あまりに悲惨の無差別テロを受けて、イギリスで国家よりも先に鳴り響いた"Don't
Look Back in
Anger"は、間違いなく『ルックバック』へも影響を与えている。
これは読み切り掲載時から話題には出ていたけど、自分なりの言葉にしておきたかったので書いておく。
話を戻すが、運命の悪戯というにはあまりにも残酷な出来事。
無数のたらればが頭をよぎり、藤野は主を失った京本の部屋の前で打ちひしがれる。
選んだ未来と、選ばなかった未来。
そして、選べなかった未来。
そんなとき、藤野は何を選択するか。
”かく”こと
それでも、藤野は描くことを選ぶ。
彼女にとって、描くことが生きることであったからだ。
理由なんてない。藤野も京本も描くことしかできないのだ。
そんな人が、僕は好きなのである。
「かく」ことは、何かを残すことだ。
人は忘れる生き物だ。
それは自分の中に生まれたものを、確かに残したいからではないだろうか。
自分の衝動を発散するためかもしれない、それとも誰かに褒められたいとかそういう感情かもしれない。
それが表現というものだ。
同じジャンプ+で連載していた『左ききのエレン』という漫画があって、僕にとって大切な作品の一つである。

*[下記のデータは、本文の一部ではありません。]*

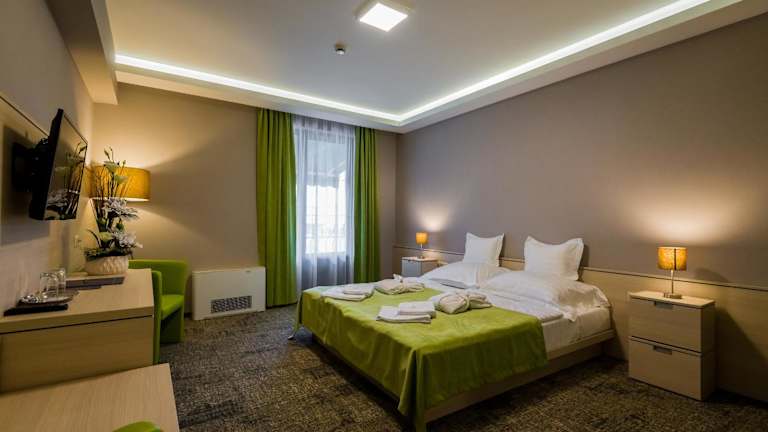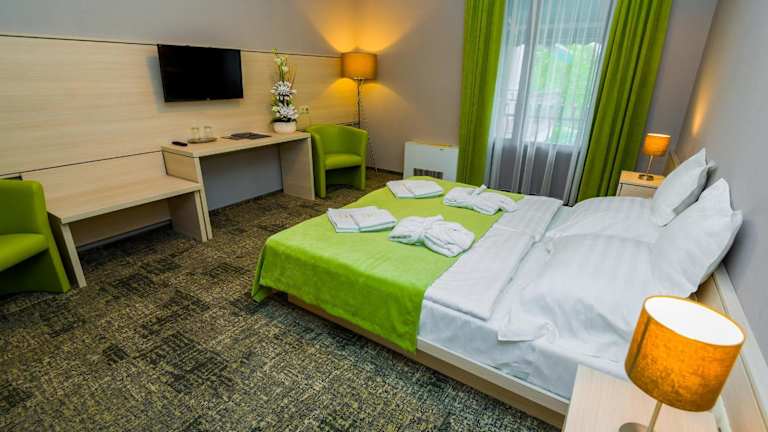 Das Hotel Kamilla befindet sich in Balmazújváros, etwa 22 km entfernt von Hajduszoboszlo Extrem Zona und dem Aquapark Hajdúszoboszló. Die Umgebung bietet einen ruhigen Rückzugsort und die Möglichkeit, die Sehenswürdigkeiten der Region zu erkunden. Der nächstgelegene Flughafen ist der Flughafen Debrecen, der in 30 km Entfernung erreicht werden kann.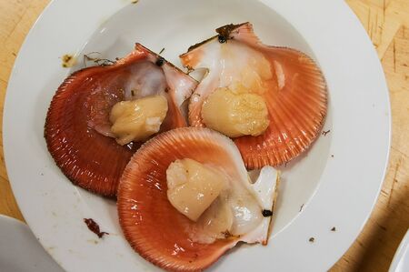 Scallop shell with scallops on a wooden table.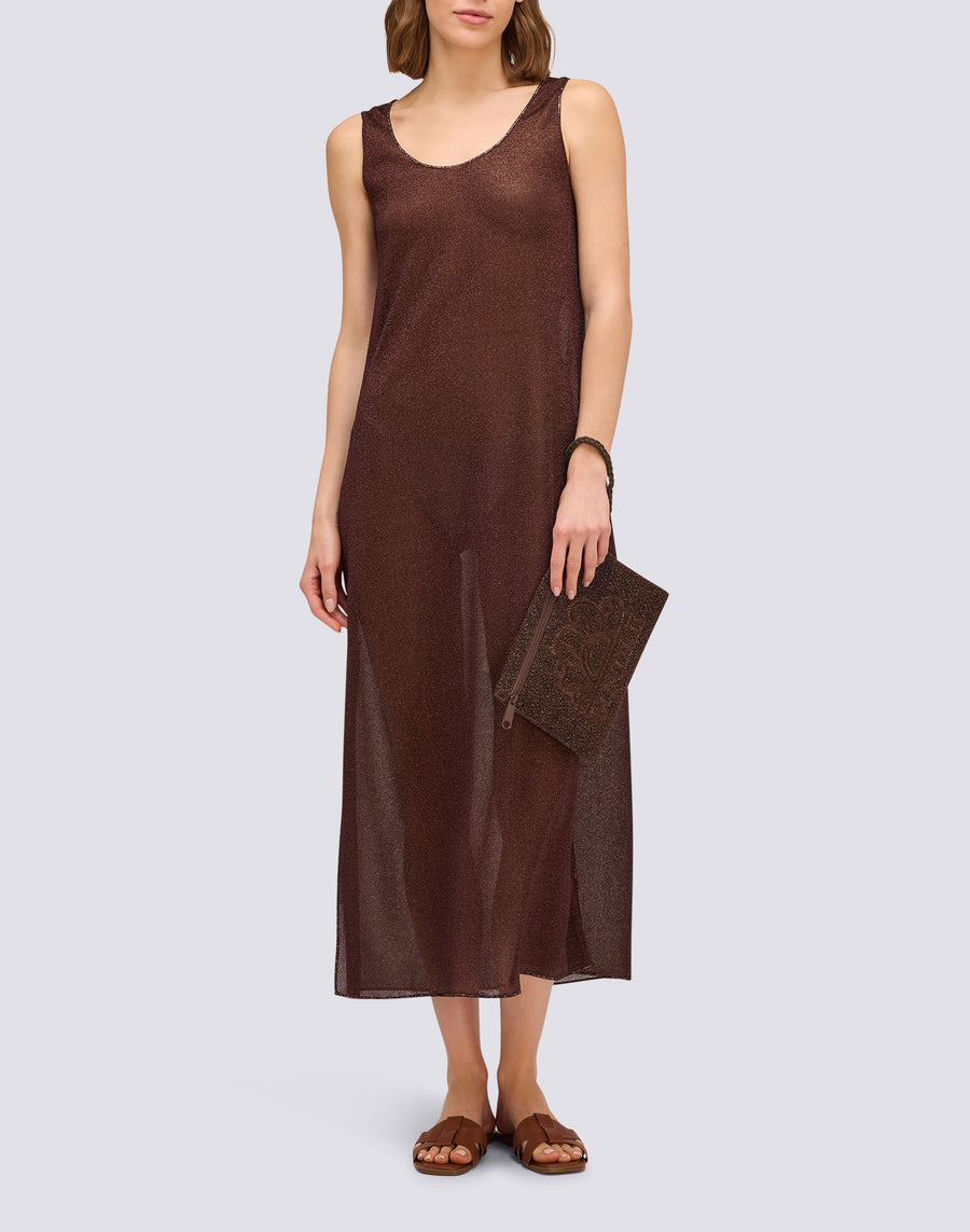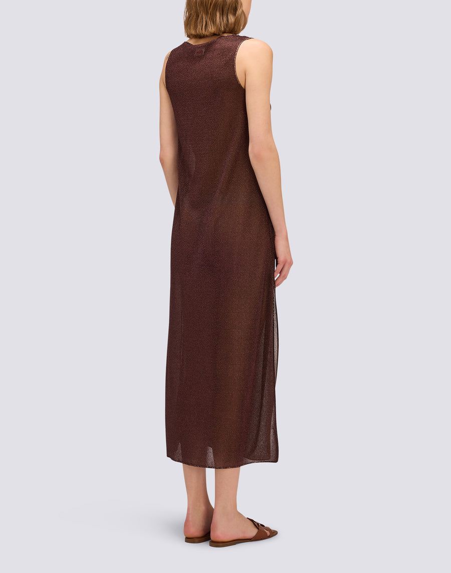 Abito donna lungo in lurex senza maniche, con spacchi laterali in fondo. Scintillante, glamour, ideale per essere indossato di sera o all'ora dell'aperitivo, versatile da spiaggia e da città.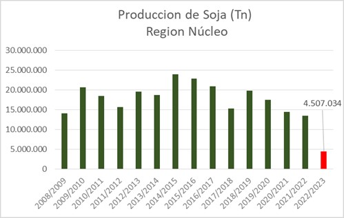 En la región núcleo, la campaña comenzó esperando producir 19,7 Mt de soja (escenario normal de clima). Pero sin lluvias que pongan un piso, los recortes productivos continuaron. Recapitulando, el 9 de febrero la estimación bajó a 10,4 Mt; el 2 de marzo, a 6,5 Mt; y a este 16 de marzo se reajustó a 4,5 Mt. Lamentablemente, se repite la advertencia de 2 semanas atrás respecto de que la situación todavía puede empeorar. Por el momento, se estima que la cosecha solo será el 23% de lo que se esperaba a principios del ciclo. Respecto al año pasado, que se consideraba la peor campaña desde 2008/09 con 13,5 Mt, el ciclo 2022/23 podría dejar el 70% de ese volumen de soja.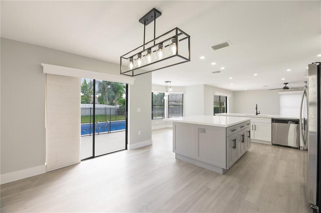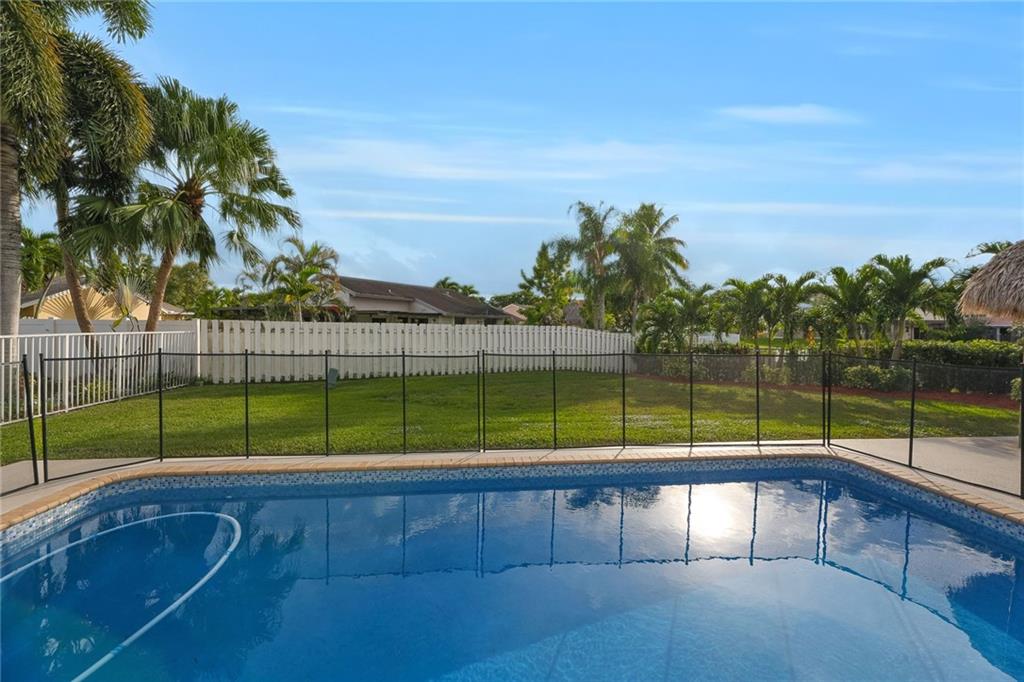 Completely updated and remodeled, gorgeous 4 bedroom 2.5 bathroom home in family friendly community Shenandoah. Eat in kitchen boasts new cabinets, quartz counter tops, huge island and stainless steel appliances New luxury vinyl flooring throughout the first floor. New vanity in half bath downstairs. Separate laundry room. Upstairs features 4 bedrooms with luxury vinyl flooring. Guest bathroom has new tile flooring, new tiled shower and new vanity. Primary bedroom boasts completely remodeled bathroom with dual sinks, huge vanity, separate beautiful tub, walk-in shower with new tile and glass. Lakefront backyard is an entertainer's dream. It has a large pool with Tiki hut and tons of pavers. Outstanding location in Davie, close to 595, Sawgrass expressway and Sawgrass Mall.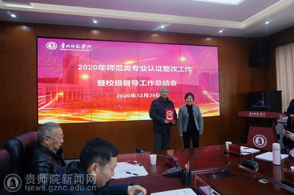 会议包括两项主要内容,首先,由质评办邓琴主任汇报了学校师范类专业认证工作推进情况,《YABO鸭脖官网(汉语言文学)专业认证整改工作方案》及2021年认证工作安排;数学与应用数学专业、汉语言文学专业负责人分别汇报了专业认证整改工作开展情况; 2021年拟接受认证的英语、历史学、化学、美术学、音乐学、体育教育等6个专业的负责人分别汇报了认证工作推进过程中存在问题及需校、院两级整改解决的相关内容;其次,由邓琴汇报2020年校级督导工作、通报督导换届情况及2021年的督导工作要点;第三,由校级教学督导张莹、吴在东、黄天明分别就2020年各学院毕业论文(设计)、实习以及试卷工作的自评情况进行通报;其间,为感谢吴在东老师从事学校教学督导工作十年间为学校教学工作作出的积极贡献,韦维为校级督导吴在东老师颁发荣誉证书。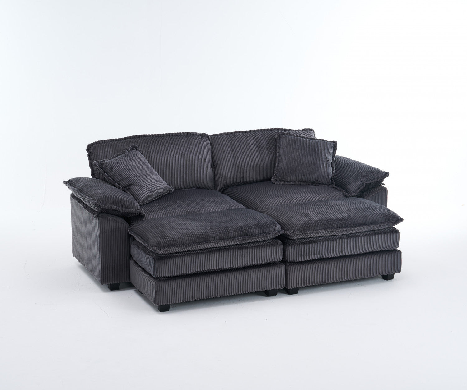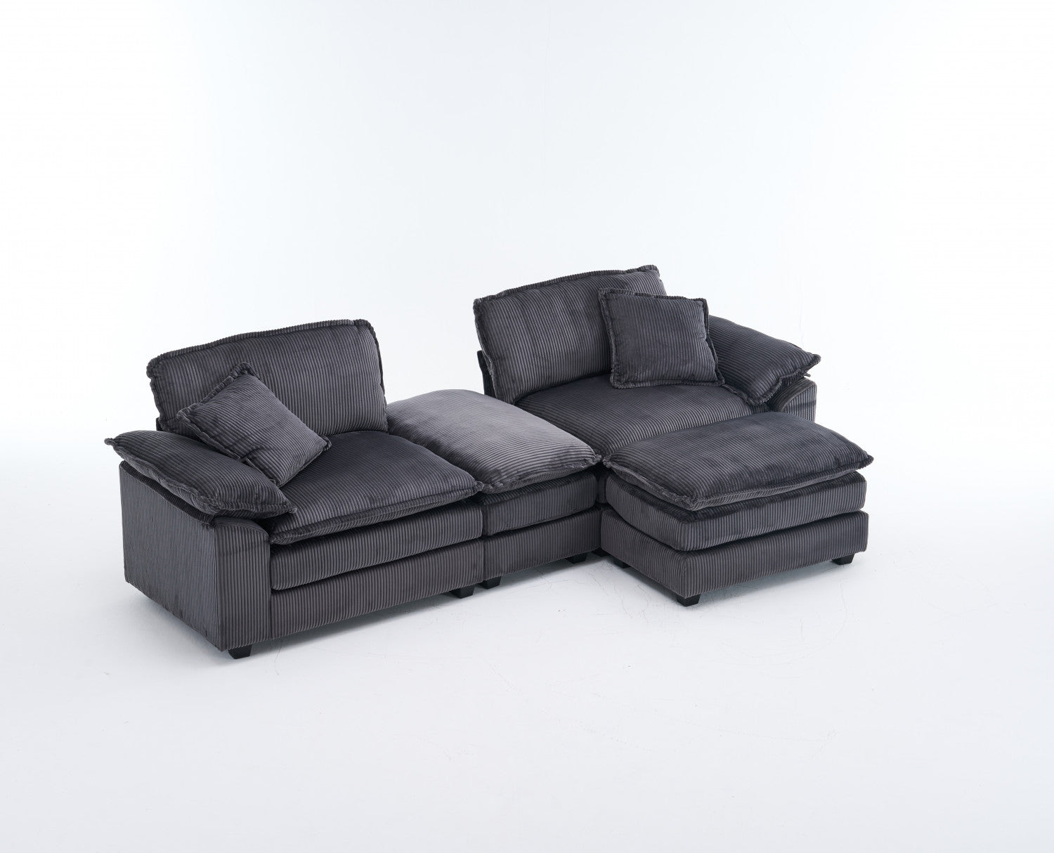 Liam 84.6" Comfortable Cloud Modular Sofa with Corduroy Upholstered,Grey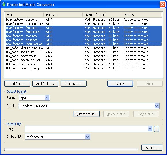 If you need to convert more than one WMA to MP3 then Protected Music Converter will be ideal for you, as the program supports batch conversion to MP3. It means, that you may add as many WMA files as you need. And have a rest while it is converting to MP3.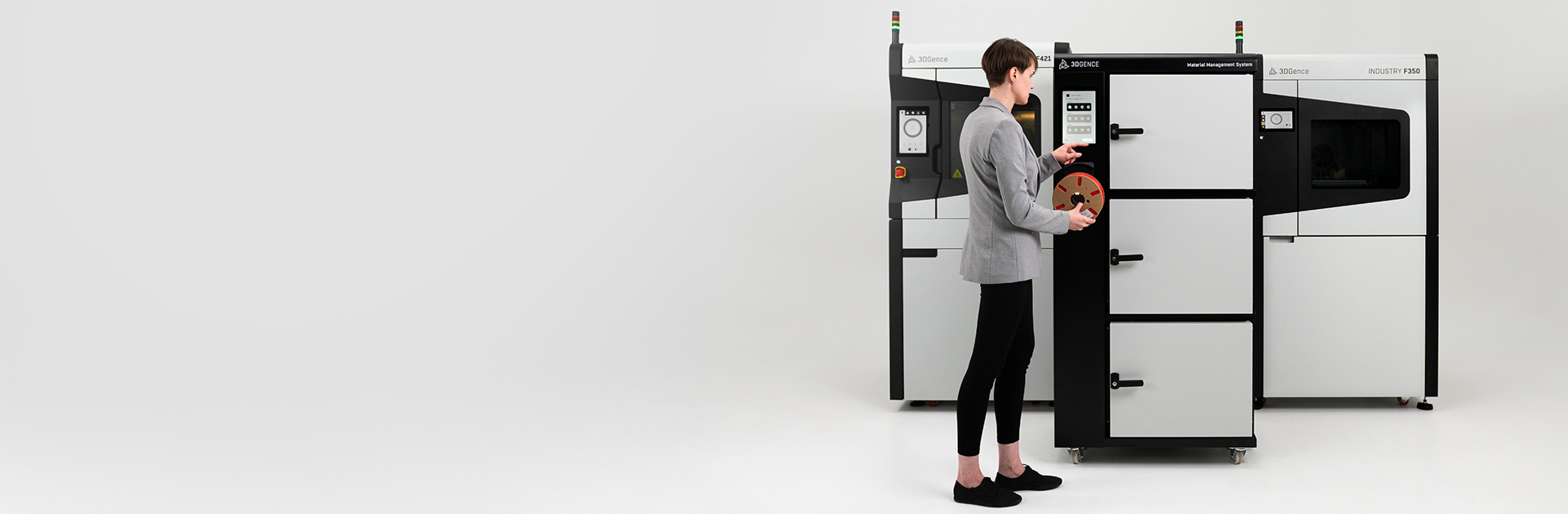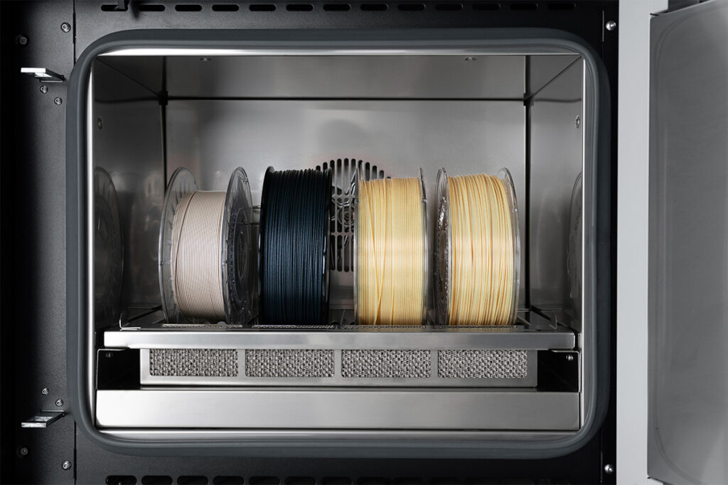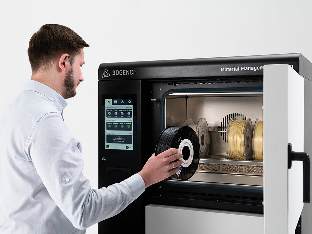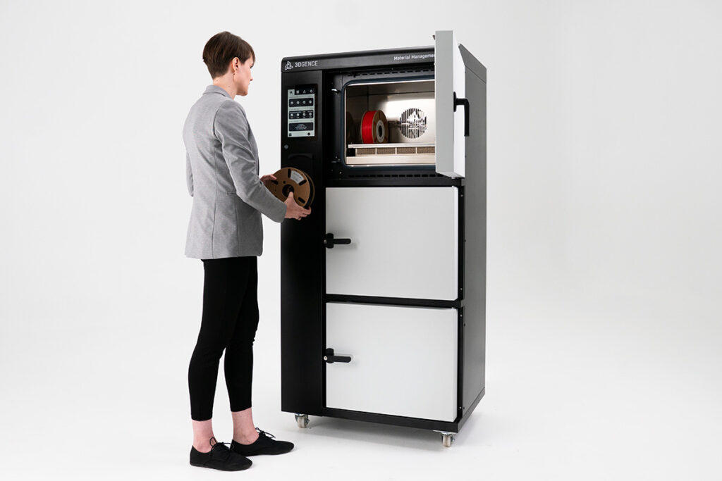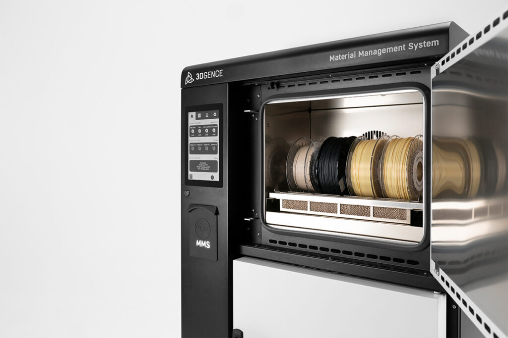Material Management System zapewnia właściwe przygotowanie filamentów. Wbudowana suszarka zapewnia najwyższą jakość wydruków 3d. Dzięki integracją z siecią 3DGence CLOUD można monitorować dostępne zasoby materiałów i planować produkcję.

そこでも主人公の朝倉光一が、絵の天才であるエレンに向かって「描けよ」というシーンがある。
この作品における「描く」という衝動もまた、『ルックバック』におけるそれと強く通ずるものがあると思う。
『左ききのエレン』は本気で名作だと思っているので、ぜひ読んでみてほしい。
僕は絵が全く描けないが、文章は何かと書いてきた。
文章の才能があるとは思わないけど、自分にとって想いを残す手段がそれしかなかったので書いきた。なので「書く」という衝動は、自分の中に深く根付いている。
だからこの映画を観て、なかなか更新が滞り気味なこのブログを更新しなければならないと思いに駆られたのだ。
じゃなければ僕は本来「エルデンリング」のDLCをやっていたいのだ。しかし、それでも書きたいという衝動が何よりも上回った。
脱線が多くて申し訳ない。
それでも、多くの出来事が『ルックバック』を創り上げたように、この作品がまた多くのものに繋がっている。
だからこそ、多くのクリエイターがこの作品に嫉妬して、それでもこの作品を愛してやまないのだ。
さて、最後にどうしても書いておきたいことがある。
それは「ルックバックの終盤で描かれる事件の元になった事件に触れる。
実際に起きた陰惨な事件なので、触れたくない人もいると思うので、そういう方はここまでにしてほしい。また来てね。
以上の前置きを踏まえて最後まで読んでほしい。
ルックバックで描かれる事件の話
明言されているわけではないので、ここからは解釈の一つとして読んでほしい。
終盤で起こる事件は、ほぼ間違いなく京都アニメーションで起きた放火殺人事件が基になっている。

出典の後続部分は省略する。